Yikes! Our 14 year old hates summer camp
Last year, our son attended a month long sleep away camp. This year, he asked that we send him there again and do we did. Within 3 days, he was pleading to come home. Then, he was angry and abusive over the phone when we refused. This camp is very expensive, he asked to attend and there was no possible refund, plus we don't want a restless teen on our hands for a month (we both work.) We've spoken to his counselors and the issue appears to be one of social integration...he tends to take offense easily and doesn't seem to get the teen insult culture. Our concern is his return in 2 weeks...are we in for hell? How do we handle this?
Also, any recommendations for other discussion boards on teen issues. We simply don't know how to react to this stranger who kidnapped our son.
Parent Replies
Sounds like a male version of the movie Mean Girls or a variation of the Stanford prisoner experiment. You know your son best. From what you have written It sounds like this is not a case of being home-sick. I’m surprised the camp and counselors are allowing this to happen. Sounds to me like the counselors are allowing your son to be a victim. That’s not right. Doesn’t’ matter if your son takes sensitive or not. Isn’t it the role of the camp and counselors to socially integrate the campers and lay down some social educate rules?

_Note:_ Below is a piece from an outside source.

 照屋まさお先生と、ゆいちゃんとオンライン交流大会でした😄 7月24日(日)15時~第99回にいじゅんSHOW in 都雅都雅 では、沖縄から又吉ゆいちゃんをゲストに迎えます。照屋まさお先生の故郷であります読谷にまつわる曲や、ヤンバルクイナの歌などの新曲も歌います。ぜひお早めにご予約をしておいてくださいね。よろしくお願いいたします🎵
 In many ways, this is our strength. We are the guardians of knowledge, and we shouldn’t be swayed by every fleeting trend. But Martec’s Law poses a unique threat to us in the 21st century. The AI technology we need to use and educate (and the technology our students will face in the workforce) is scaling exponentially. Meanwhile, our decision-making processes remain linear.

And I’m sure your son isn’t the only camper who is sensitive.
It sounds like the reason your son was abusive is because he feels he’s being treated unfairly and the counselors, the people who should be helping him, aren’t. Be glad he’s venting at you and not one of the campers… don't take it personally.
Things might get better for him in a few days or a week or they could get much worse. I think it all depends on the camp’s management attitude towards this type of behavior.

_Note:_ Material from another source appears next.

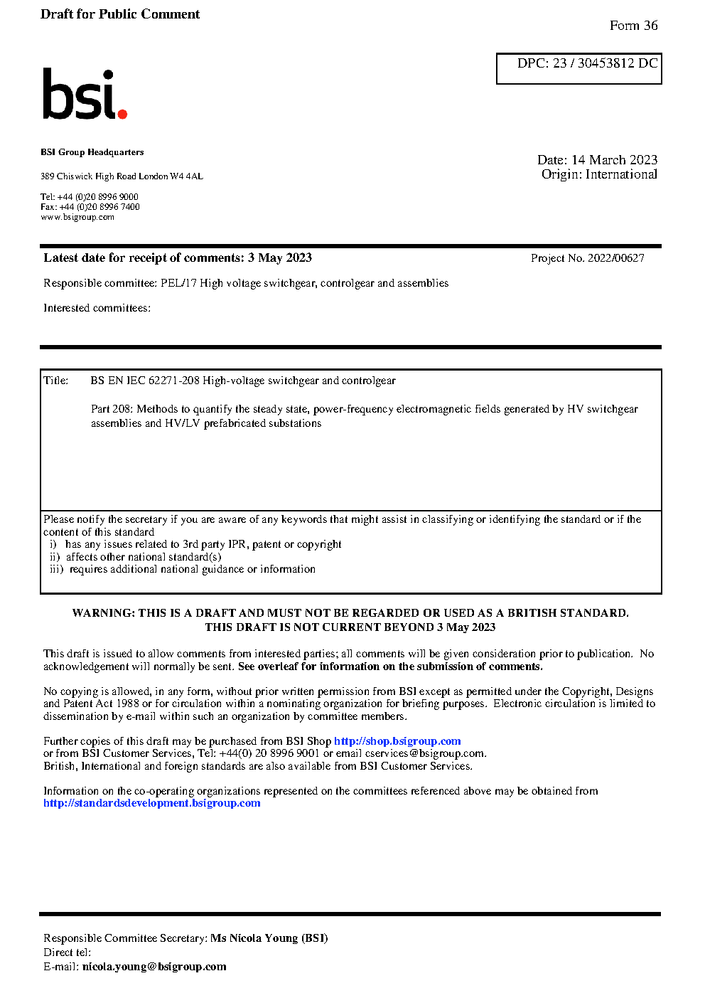 High-voltage switchgear and controlgear Methods to quantify the steady state, power-frequency electromagnetic fields generated by HV assemblies HV/LV prefabricated substations, both for rated voltages above 1 kV up including 52

I would contact the management of the camp and ask them what the camp’s policy is about campers not respecting each other and insults? If it sounds like they are blowing you off I would bring your son home and demand a full refund. If they have a policy and you think they will enforce it without victimizing your son even more tell your son to give it a few more days. If things don’t improve bring him home and forget the money.
I have seen similar situations as you have described an in three instances where the camp management took action and it had a happy outcome. But there was one case where the camp management did nothing and thing just got worse.

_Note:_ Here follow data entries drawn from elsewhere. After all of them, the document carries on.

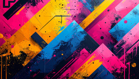 A high energy explosion of overlapping shapes and textures, blending bright primary colors with expressive brushstrokes for a raw, artistic feel.
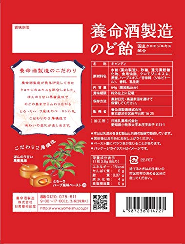 原材料:水飴(国内製造)、砂糖、還元澱粉糖化物、食用油脂、クロモジエキス末、黒蜜、ハーブエキス/甘味料(ソルビトール)、香料、乳化剤
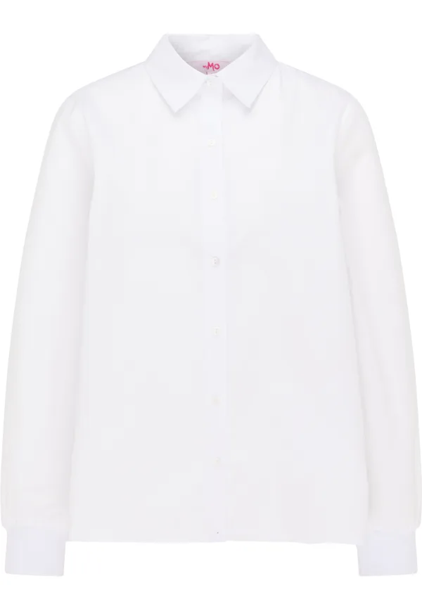 Geen voering/geen voering, geen vulling Deze blouse van myMo is een echt trendstuk! Het eenvoudige stuk van 100% katoen overtuigt met een klassieke overhemdkraag en een bijpassende knoopsluiting over de hele lengte. De blouse krijgt een moderne verfijning door de wijde snit, een boxplooi op de rug en de wijde mouwen die sportief eindigen met een geribde boord. De strakke stijl wordt zo op een sportieve manier onderstreept. Blouse

See what others have to say. If your son is having a bad time it’s something he’ll probably remember it for the rest of his life.
Good luck.
If he is asking you to come home and you are not listening, how will he know he can ask you harder questions later and you will listen to him? He is just beginning his teenage years and will have harder situations later in teenhood where he will need a parent/mentor/shoulder to cry on or ask for support. What is more important to you? Two more weeks without a teen? or knowing you have a teenager that feels he is listened to and can come to you for help later down the line? Maybe a compromise- at the halfway point( 2 weeks) if things still aren't going well, counselors have been contacted, methods tried and he is still miserable ask him what he wants to do and listen to hiim.
I just picked my son up early from a 2-week camp, for different reasons, but none-the-less critical to his well-being. Set aside your needs and financial issues for the moment. What's best for your son now and long-term? As you've already spoken with the counselors, contact camp management. Will they allow you to visit your son and meet with counselors and management to put together a plan to address the problem?
If the problems cannot be addressed to his, and your, satisfaction, consider bringing him home. It may be a pain for you, and you'll need to figure out an alternative approach to the summer, but it sounds like this could have far-reaching implications. You might consider interviewing therapists so you have one selected for him to see when he does return home, whether early or not. It sounds like your son is hurting and doesn't know what to do.
My son was angry in reaching out to me. We then received a series of alarming and concerning letters from him - wrote over several days, but received all at once. The letters were highly out of character. I immediately made arrangements to pick him up. It was the best thing I could have done. He said he could have finished out the camp, but would have been very angry. He was surprised and appreciative that I picked him up. It's gone a long way to making good on a situation that was bad/damaging for him. We are following up with therapy. It's hard to be a teen these days.
I would insist they let you go and observe for a day or issue you a full refund, and GO there for a day (and evening) so you can see what is really going on.